Scilab 2.7.2 on WinXP can do at least a 4 million point fft.

>> With .001 Hz (or narrower) bins, I'd need about 1000 seconds
>> (over 15 minutes) to get my first set of data points, I'm not sure
>> what good a 1 minute wav recording would do. 
>
>Not much ;)
>That "minute" obviously should have been "15 minutes".
>
>

OK, the 15 minute time required to get the first data point would be
for .001 Hz bins. To go to .0001 Hx bins, it would require about 160
minutes! I'm not sure my hard drive is large enough to store a 5.5 Khz
sampled wav for 1.5 hours:>:

 
>> At a 5 Khz sample rate (lowest that PC's will go when using a sound
>> card), I would need to decimate the input signal by 4 (giving me 0 to
>> 1200 Hz bandwidth). I would then have to do a  1.04 million point fft.
>
>
>Scilab 2.7.2 on WinXP can do at least a 4 million point fft.

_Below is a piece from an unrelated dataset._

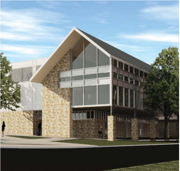
Wellness Center Expansion Study Penn State Behrend

OK, this is good news indeed. I don't look forward to learning a new
software package, but atleast I know it is within the realm of
possible options. I thank you for making me aware of Scilab and it's
multi mega point fft processing ability.

I wonder a 4 million point fft is practical though...when I did a 512
point fft on my laptop, just running the fft alone used 1.5 percent of
my processor! I think the processor load increases exponentially.

But, I wonder if scilab will allow me to mix (downconvert) the signal
in software and then do a much smaller point fft on the remainder
(1000 or 10000 point fft on a 1 Hz difference frequency)? This might
be more practical in terms of processor utilization???

Again, thanks for the letting me know about scilab.

A